*WHAT IS EXPECTED*:
Apart from the pictures, every entry below must be given again exactly.

*Stored data*:
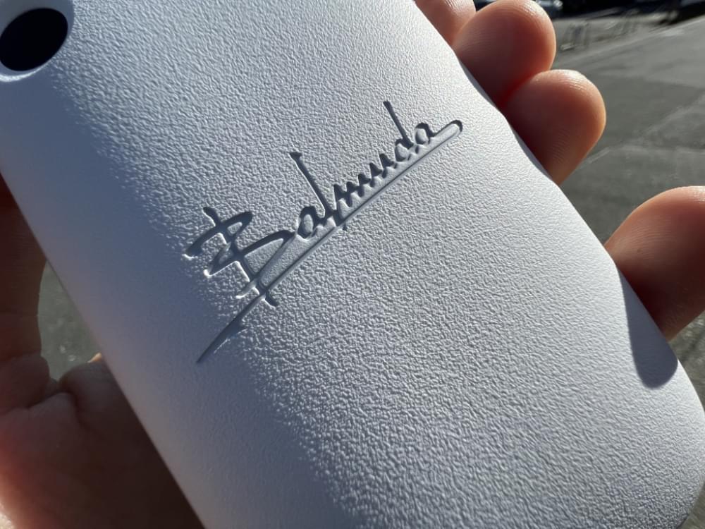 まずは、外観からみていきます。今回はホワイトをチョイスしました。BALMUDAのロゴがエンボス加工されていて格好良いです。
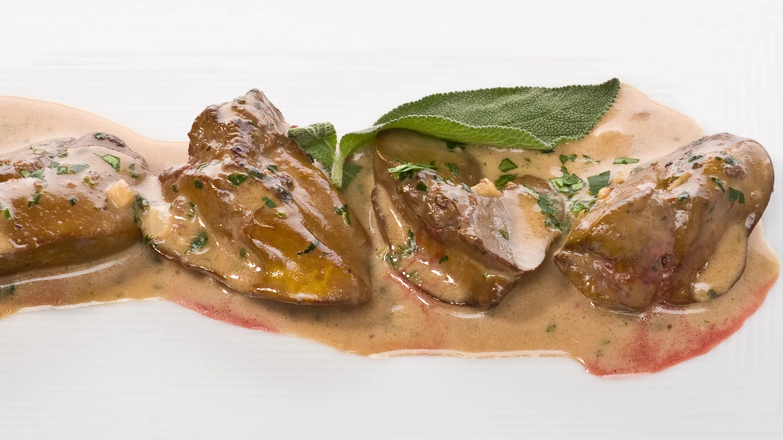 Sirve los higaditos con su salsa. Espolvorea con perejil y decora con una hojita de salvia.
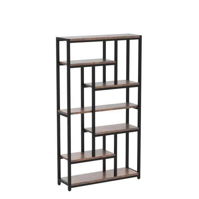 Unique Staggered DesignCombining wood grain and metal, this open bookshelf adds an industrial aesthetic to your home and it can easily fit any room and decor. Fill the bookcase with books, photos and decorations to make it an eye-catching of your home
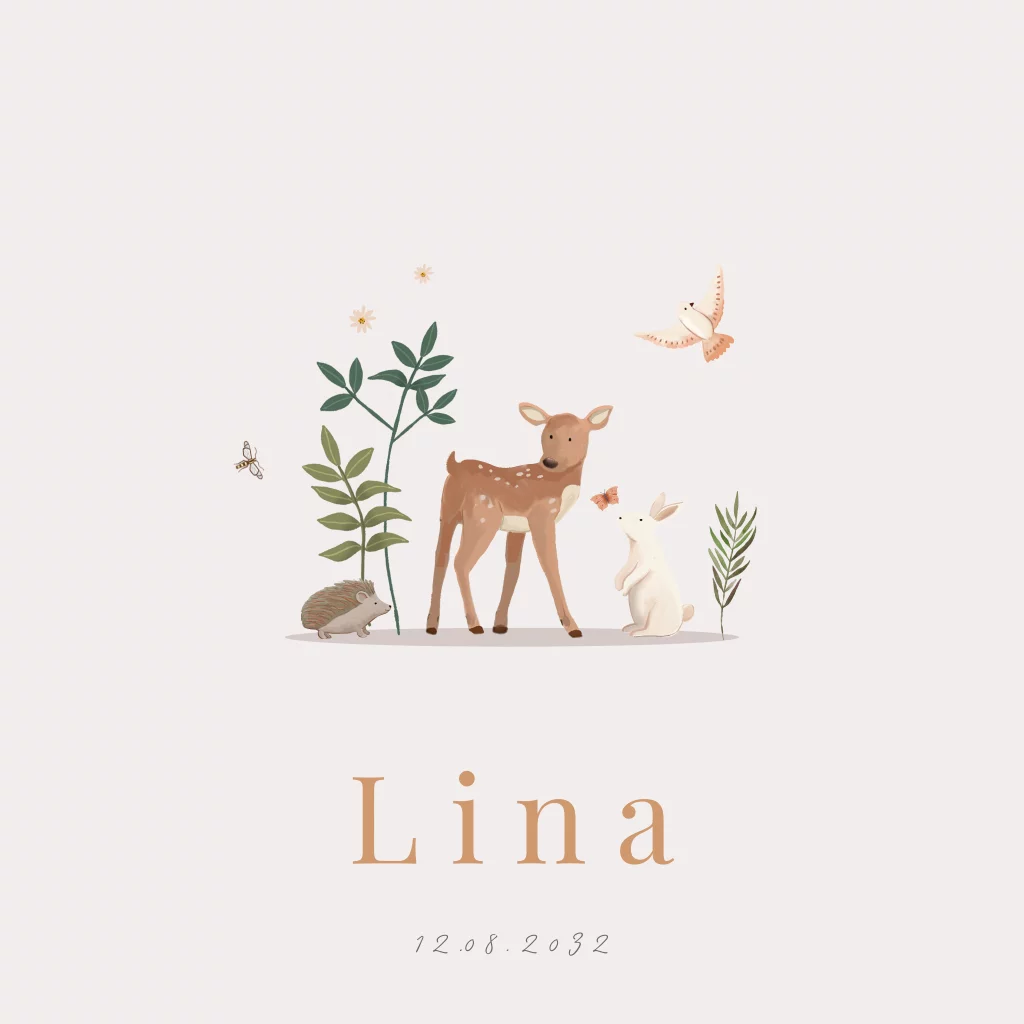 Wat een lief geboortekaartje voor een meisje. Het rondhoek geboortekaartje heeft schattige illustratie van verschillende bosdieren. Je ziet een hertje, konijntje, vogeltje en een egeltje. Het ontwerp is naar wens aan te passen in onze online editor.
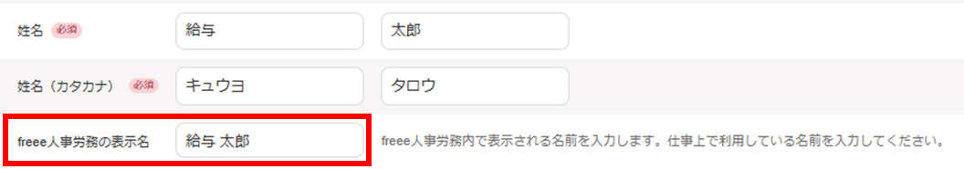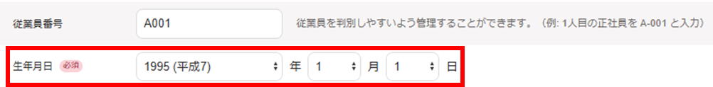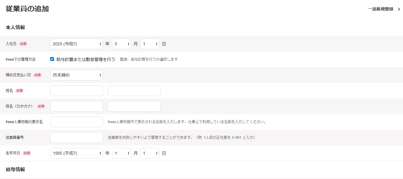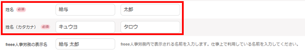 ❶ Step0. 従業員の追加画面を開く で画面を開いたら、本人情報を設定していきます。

*EXERCISE RESPONSE*:
 まずは、外観からみていきます。今回はホワイトをチョイスしました。BALMUDAのロゴがエンボス加工されていて格好良いです。
 Sirve los higaditos con su salsa. Espolvorea con perejil y decora con una hojita de salvia.
 Unique Staggered DesignCombining wood grain and metal, this open bookshelf adds an industrial aesthetic to your home and it can easily fit any room and decor. Fill the bookcase with books, photos and decorations to make it an eye-catching of your home
 Wat een lief geboortekaartje voor een meisje. Het rondhoek geboortekaartje heeft schattige illustratie van verschillende bosdieren. Je ziet een hertje, konijntje, vogeltje en een egeltje. Het ontwerp is naar wens aan te passen in onze online editor.
 ❶ Step0. 従業員の追加画面を開く で画面を開いたら、本人情報を設定していきます。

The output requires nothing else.